I was a second year resident when I witnessed, from across a hallway, a failed resuscitation of a child hit by a car. Her image on that table—looking so much like my own young daughter—and her mother's screams haunted me for many weeks. I couldn't understand why: "She wasn't even my patient!" I told my mother in disgust. I was just there. It seems strange to me now, but in the moment, my mother's response came as a shock: "You may be a doctor now, but you are still a human being who witnessed a child die." I was still early in my training, but already it had become a fixed, unquestioned belief: a physician is absolutely invested in the care they provide, but ordinary human emotions should no longer affect them.

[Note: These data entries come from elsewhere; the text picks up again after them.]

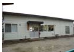
昨年完成したたちばな学童保育所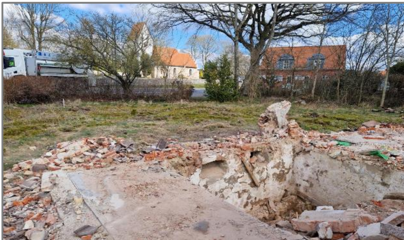
Resterne af Stationsvej 1

Frist for indlevering af bidrag til næste nummer af Tappen er den 25. august 2023.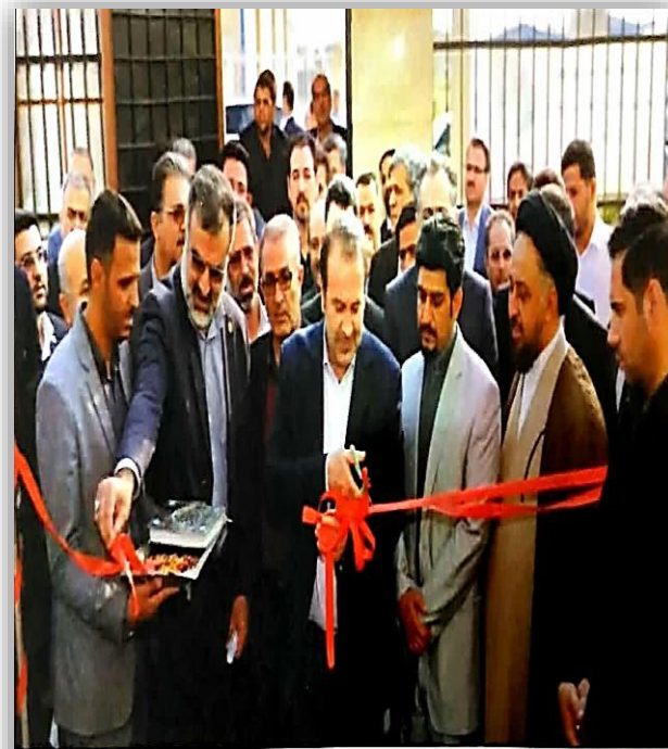
استاندار فارس دومین استان کشور از نظر کاهش نرخ بیکاری است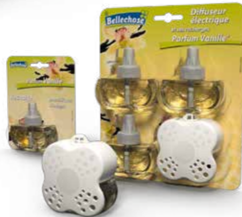
EMBALLAGE BLISTER AVEC 3 RECHARGES BLISTER PACK WITH 3 REFILLS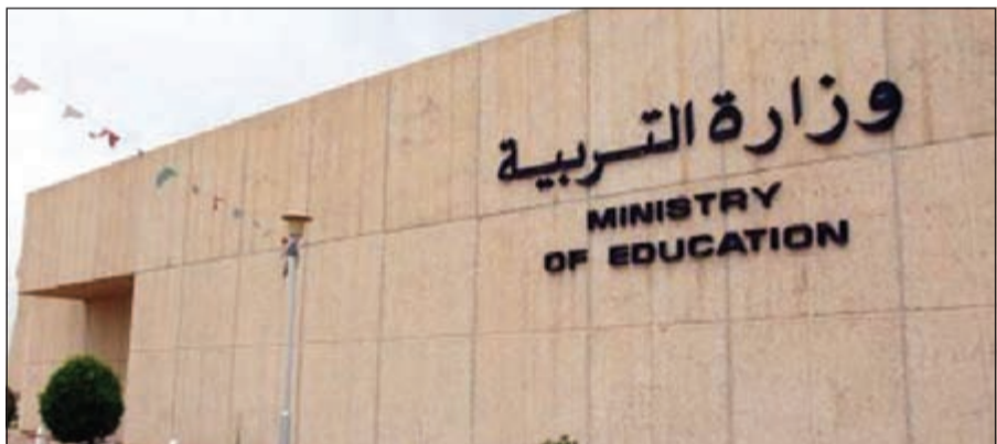
جهود كبيرة لوزارة التربية استعدادا للعام الدراسي الجديد

التنفيذ أو أثنائه بما يحقق حسن سير العمل ومتابعة أعمال اللجان الفرعية لتنفيذ المشروعات وكذلك التنسيق مع فريق إعداد ومتابعة الخطة بوزارة التربية وتوفير متطلبات المتابعة من نماذج وتقارير في المواعيد المحددة.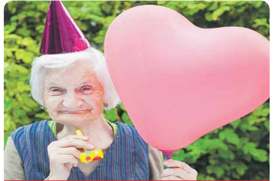
Genug mit billigem Kram zum Frauentag

Übrig geblieben ist noch die Verleihung am 8. März. Aus dem Frauenpreis wurde ein Gleichstellungspreis, aus dem Engagement für die Gleichberechtigung der Frauen wurde ein Engagement für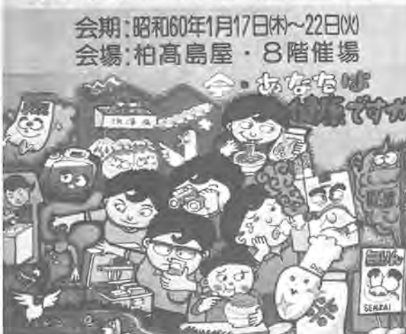
第14回みんなの消費生活展ポスターから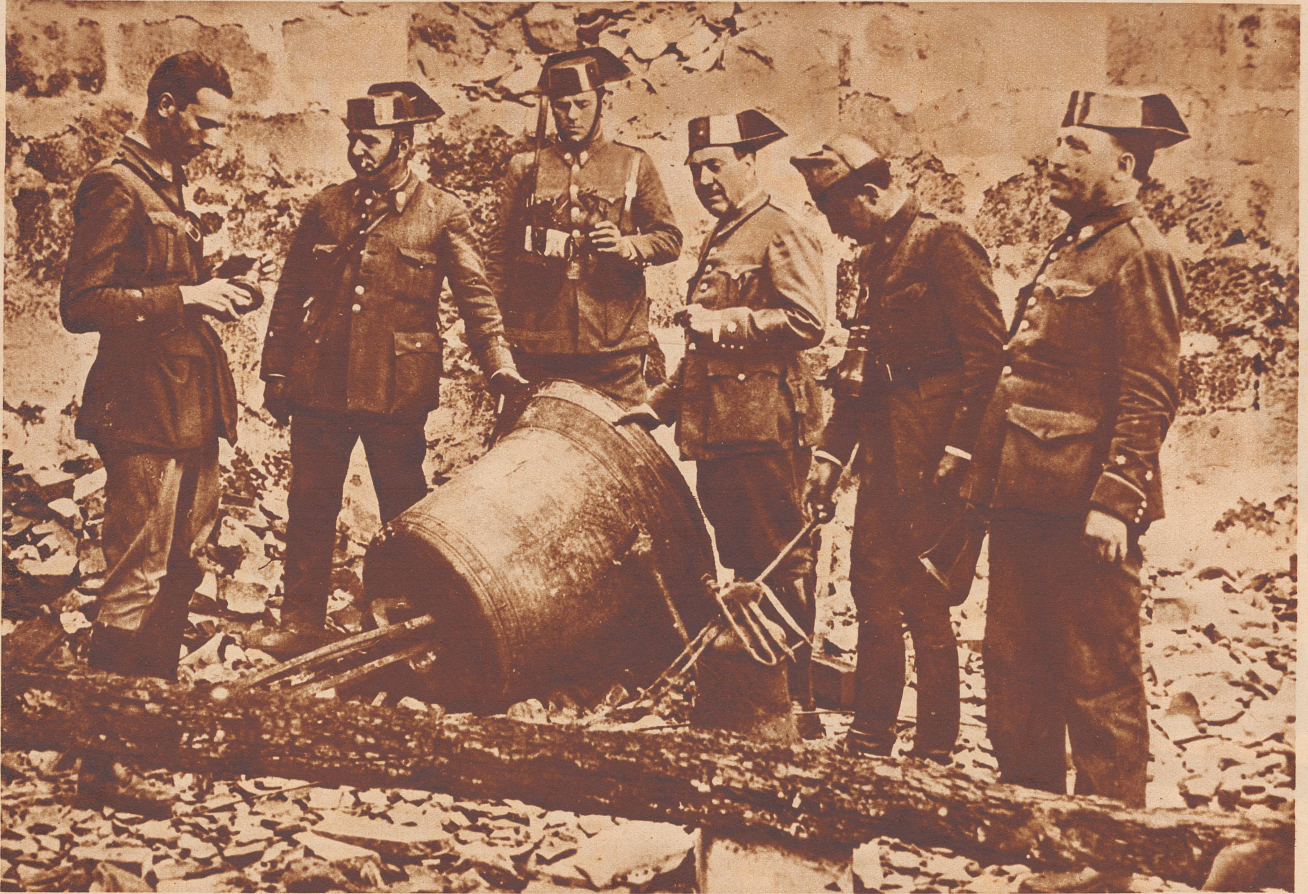
Die zusammengeschossene Kirche. Im Dorfe Las Branoseras bei Oviedo stürzte die Kirche infolge der Beschießung durch die Regierungstruppen ein.

The idea that traumas you experience as part of your job do not "count" is widespread. I think it is likely at the core of a number of the challenges I experienced as a researcher attempting to address the traumatic stressors experienced by health care workers and first responders working during the COVID-19 pandemic. I am a VA psychiatrist working in a PTSD specialty clinic, and I run a research program focused on understanding how particular combinations of chronic and acute traumatic stressors can lead to the long-term changes we associate with PTSD. I also study how to treat, and, hopefully, prevent these changes.

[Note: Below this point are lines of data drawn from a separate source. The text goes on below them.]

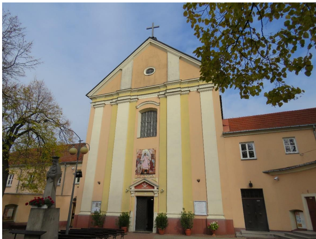
Fasada kościoła w zespole klasztoru o. Kapucynów, ul. Krzywe Koło, 1770-1772 r.

W 1807 r., na mocy traktatu pokojowego w Tylży, Łomża wraz ze wschodnim Mazowszem weszła na osiem lat w skład Księstwa Warszawskiego, stając się stolicą departamentu i jedną z baz wojskowych w wojnach napoleońskich. Klęska Napoleona Bonaparte w 1815 r. spowodowała podporządkowanie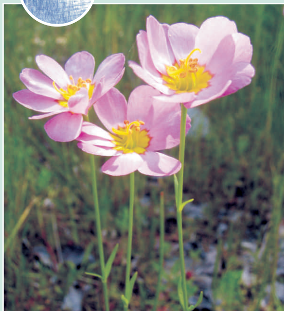
Fleurs avec styles jaunes en forme de fourche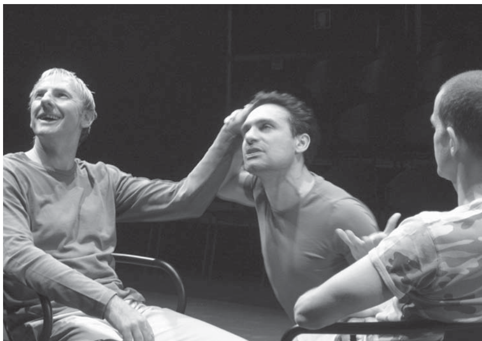
„Set Up“. Kuna tantsisid kolm meest, siis kordus ja võimendus väljatõugatuse, ülelõigse inimese teema, mida ei saa küll taandada ainult võrdlusele „nagu viies ratas vankri all“, kuid osaliselt ka seda.

säästlikkusest ja paljust muust, siis kes meist ei tunneks ennast patusena.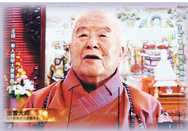
↑星雲大師榮獲「第二屆全球華人國學傳播獎」之「年度海外影響力大獎」，典禮中播放大師預錄致詞影片。

When the pandemic first hit New York City, I began to hear my friends and colleagues in medicine describe not just long, harrowing work shifts, but also insomnia, nightmares, intrusive memories of the horrors they were seeing, and a sense of always being on edge. Although these symptoms can't count as symptoms of "PTSD" until they have been present for more than one month, what we know so far of the pathophysiology of both acute stress symptoms and PTSD suggests the underlying mechanisms are fundamentally the same. If treatment is indicated earlier than one month after trauma, in practice, most of the medication options are the same as well. The biggest difference is that it's so hard to study acute stress disorder. Here, we are always using these treatments "off label," relying on what we know of PTSD treatment, pragmatic experience, and rare case series, rather than large, organized clinical trials.

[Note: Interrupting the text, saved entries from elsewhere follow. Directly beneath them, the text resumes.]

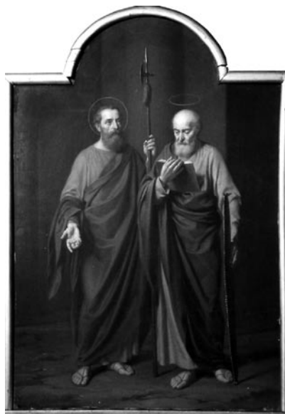
14 pav. A. Mużynovskis. „Šv. Simonas ir Judas Tadas“, 1873 (Kaimelio bažnyčia). A. Petrašiūno nuotr., 2004

Majdowski 1993 (parduotų paveikslų sąrašo Nr. 63); Stankevičienė, R. Paveikslai „Šv. Jurgis“, „Apsilankymas“ ir „Šv. Simonas ir Judas Tadas“. LSD. T. I. Kn. VI. D. I: 380–383, il. 275–276.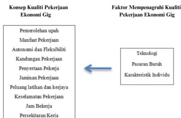
Rajah 1: Adatptasi kerangka konseptual kualiti pekerjaan ekonomi gig dan faktor mempengaruhinya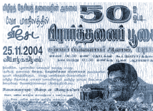
Geburtstagsfeier in Lausanne. Mittels Flugblatt wurde in der ganzen Schweiz zu einer Feier zum Geburtstag Velupillai Prabhakarans am 25.11.2004 nach Lausanne eingeladen.

Die TRO bezeichnet sich selbst als von der LTTE unabhängige Nichtregierungsorganisation, obwohl in der Vergangenheit Verbindungen zwischen der LTTE und der TRO bestanden. Die TRO ist laut Presseberichten bereit, ihre Bücher offen zu legen.

This gap in evidence base is most frustrating in the area of long term outcomes. Our theoretical and preclinical models would suggest that treating acute stress symptoms with medications that block the noradrenaline response to stress, such as the common PTSD medication prazosin, will also decrease the likelihood of these symptoms becoming the chronic symptoms seen in PTSD. However, there is no good clinical evidence for or against this hypothesis.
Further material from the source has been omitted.